What To Do After a Fire
How to Respond to a Fire
It can be hard to know what to do after a fire. The damage is extensive, and you may not even know if your insurance will cover it. Here are some tips that can help you get past the initial shock of a house fire and start planning.
Get your insurance information.
After you have evacuated your home and have been given the “all clear” from your fire department that it is safe to return, you will want to contact your insurance provider.
Once you are connected with an agent, it is important that you provide them with a full list of the damage. For this reason, it is important to keep a running list of your belongings and any assets that may be affected in a disaster. This will help the insurance agent construct and accurate claim.
When the fire is out, you should contact your insurance carrier. You'll need to report the event and get an adjuster to come out as soon as possible. This can be done by phone or in person at your local branch office. Do not clean up anything on your own until the adjuster has looked at it; otherwise, any damage that may have occurred during cleanup could affect your claim.

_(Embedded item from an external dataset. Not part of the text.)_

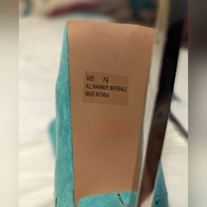 these are beautiful! mint suede stiletto high heels in size 7.5. they've been worn once or twice. they have beautiful detail on the outside of the heel. They can be for every day wear or going out, or for special occasions.

Contact a fire damage restoration service.
If your house has been affected by fire or smoke damage, you will want to contact a fire damage restoration service. These companies help homeowners deal with the aftermath of fires in their homes. They can board up the house, clean it, and repair it, as well as help with insurance claims. The company may also be able to help find temporary or permanent housing for you and your family while repairs are being made on your home.
Document the damage.
One of the most important steps in your insurance claim is to document the damage. This will help you get a more accurate estimate and more money in your pocket.
- Take photos of the damage. Make sure you take pictures of what happened before, during, and after the fire so that you can clearly show how much work was done by firefighters or contractors hired on your behalf.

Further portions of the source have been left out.